There's a new sheriff in town and his name is Eddie. He's about yay tall (imagine my hand held waist high here), very opinionated, and has an attitude that is disproportionate to his size. Eddie moved to the farm about 2 months ago and is a miniature donkey Jack (this means male donkey with testicles).
His owners were in sore need of a Summer sabbatical and so was the group of Nubian goats he lived with. His ardor was unwelcome among their species and his frustrations were vocalized upon the entire neighborhood. Eddie had become a scourge.
When he arrived at the farm, he immediately was introduced to the sister donkeys Connie and Sara. They are regular sized Jennies and were without their usual male escort Rico this Summer. Both had given birth to baby donks last Summer and were now clamoring to be mothers again. Eddie gladly obliged them in short order.

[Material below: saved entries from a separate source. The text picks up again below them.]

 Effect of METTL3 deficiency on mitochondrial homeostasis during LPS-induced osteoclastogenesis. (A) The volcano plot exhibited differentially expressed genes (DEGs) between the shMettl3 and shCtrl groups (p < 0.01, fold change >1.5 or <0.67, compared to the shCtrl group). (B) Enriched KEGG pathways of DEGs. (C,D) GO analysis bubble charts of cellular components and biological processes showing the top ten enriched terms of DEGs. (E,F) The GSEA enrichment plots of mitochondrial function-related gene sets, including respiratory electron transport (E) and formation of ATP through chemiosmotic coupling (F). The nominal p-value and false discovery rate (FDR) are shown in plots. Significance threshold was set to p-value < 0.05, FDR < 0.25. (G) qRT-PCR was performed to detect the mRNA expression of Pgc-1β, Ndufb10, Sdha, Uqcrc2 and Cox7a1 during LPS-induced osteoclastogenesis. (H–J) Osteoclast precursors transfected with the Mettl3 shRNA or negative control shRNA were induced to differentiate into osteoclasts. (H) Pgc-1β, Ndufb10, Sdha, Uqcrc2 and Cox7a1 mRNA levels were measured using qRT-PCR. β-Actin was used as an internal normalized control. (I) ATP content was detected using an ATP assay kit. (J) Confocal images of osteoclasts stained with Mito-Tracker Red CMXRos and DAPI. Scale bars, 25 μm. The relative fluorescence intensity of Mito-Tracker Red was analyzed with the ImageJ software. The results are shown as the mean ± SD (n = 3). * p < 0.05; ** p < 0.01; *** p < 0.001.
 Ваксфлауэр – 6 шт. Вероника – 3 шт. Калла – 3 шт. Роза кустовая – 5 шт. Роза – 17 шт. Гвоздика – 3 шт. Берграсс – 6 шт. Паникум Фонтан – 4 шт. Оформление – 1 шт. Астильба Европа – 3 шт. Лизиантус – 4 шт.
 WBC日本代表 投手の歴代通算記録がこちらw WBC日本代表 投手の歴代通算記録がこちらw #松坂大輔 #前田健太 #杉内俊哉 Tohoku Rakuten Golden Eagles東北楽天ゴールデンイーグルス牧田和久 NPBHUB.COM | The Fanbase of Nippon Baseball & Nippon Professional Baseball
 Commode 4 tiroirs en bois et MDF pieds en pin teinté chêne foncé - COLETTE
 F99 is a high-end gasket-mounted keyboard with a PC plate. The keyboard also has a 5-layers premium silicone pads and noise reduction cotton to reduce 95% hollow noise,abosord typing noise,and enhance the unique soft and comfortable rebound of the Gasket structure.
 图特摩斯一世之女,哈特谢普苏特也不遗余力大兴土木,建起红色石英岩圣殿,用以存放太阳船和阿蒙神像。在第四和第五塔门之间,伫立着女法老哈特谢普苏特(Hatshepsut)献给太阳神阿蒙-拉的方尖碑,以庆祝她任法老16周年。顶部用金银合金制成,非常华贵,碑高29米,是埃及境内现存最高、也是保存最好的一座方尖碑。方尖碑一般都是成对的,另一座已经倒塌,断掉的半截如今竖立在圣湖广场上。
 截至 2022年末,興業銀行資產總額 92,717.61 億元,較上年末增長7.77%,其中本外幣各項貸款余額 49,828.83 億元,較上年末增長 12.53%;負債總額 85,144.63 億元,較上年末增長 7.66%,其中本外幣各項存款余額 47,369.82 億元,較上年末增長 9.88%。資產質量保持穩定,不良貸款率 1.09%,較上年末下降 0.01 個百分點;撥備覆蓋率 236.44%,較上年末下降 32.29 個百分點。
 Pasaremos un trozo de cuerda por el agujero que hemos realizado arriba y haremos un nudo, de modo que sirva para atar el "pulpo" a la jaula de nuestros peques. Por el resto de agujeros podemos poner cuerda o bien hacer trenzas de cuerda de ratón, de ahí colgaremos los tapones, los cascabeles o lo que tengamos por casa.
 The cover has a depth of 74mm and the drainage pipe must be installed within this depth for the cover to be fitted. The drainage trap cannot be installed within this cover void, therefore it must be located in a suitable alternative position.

The next few weeks passed blissfully and Eddie will likely remember them fondly. The three donkeys frolicked like children among the Summer grasses- food and love were aplenty. Then, as if the Fall winds heralded an end to the season, the sisters began to prefer to eat their choice patches of clover alone. They turned their backs on Eddie and sometimes their heels. Still he longed for the days when he stood between them like a sentry- feeling much larger than his diminutive size. At dawn and dusk each day, Eddie would sing a mournful song across the farm. Plaintive and pitiful, his voice sang of lost love, despair, and longing.
And now it is nearly Fall. Eddie still walks among the jennies but holds his head a little less high. He follows them dutifully around the paddock as they discuss baby names and such. It is indeed a new season and Eddie is adjusting to his new role. Life runs in cycles. Eddie is learning about those now.